RTE-T : vers une réorganisation sur deux niveaux
Le Commissaire européen aux Transports a profité des journées 2010 consacrées aux réseaux transeuropéens à Saragosse pour présenter la réorientation de la politique communautaire dans ce domaine Le Commissaire européen aux Transports a profité des journées 2010 consacrées aux réseaux transeuropéens à Saragosse, en Espagne, pour présenter la réorientation de la politique communautaire dans ce domaine qui va être affinée d’ici à la fin de l’année. Avant la publication d’un livre blanc sur les RTE-T, Siim Kallas a lancé une grande consultation qui court jusqu’en septembre. Principale innovation proposée, les RTE seront désormais répartis sur deux niveaux : un réseau principal incluant les projets prioritaires en cours, reliant les grandes capitales et les principaux ports ou aéroports de l’Union européenne, accompagné d’un réseau qualifié de « global », plus dense qui engloberait les infrastructures de liaison intermédiaires. « Le but de la planification d’un réseau central n’est pas de lancer un nouveau programme, explique la Commission européenne dans son document de travail. Il s’agit plutôt de faire du réseau le fondement d’un système de transport efficace, à intensité réduite en carbone, sûr et sécurisé, en assurant la continuité des projets en cours. »

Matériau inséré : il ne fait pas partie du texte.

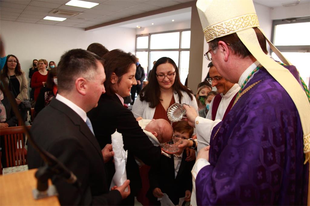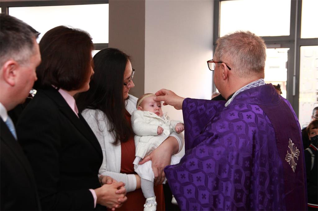 Obitelji Katić mons. Šaško je poručio: “Donijeli ste danas na ovo krštenje svoje peto dijete, ali i svoje srce u koje je Bog stavio svoj smisao i svoju ljubav. Nas raduje svaki rođeni život, ali ključ nije u samom broju, nego u srcu. Ako će biti srca, bit će i ljubavi.”

L’argent serait concentré sur le réseau central. « Il faut avoir une réflexion sur la manière dont on peut le mieux apporter une valeur ajoutée européenne, il faut voir là où l’effet de levier serait le plus efficace », explique un diplomate. Bruxelles envisage un financement intégré au sein d’un fonds transport qui coordonnerait mieux les différents instruments existants, comme le programme RTE-T ou les fonds structurels européens.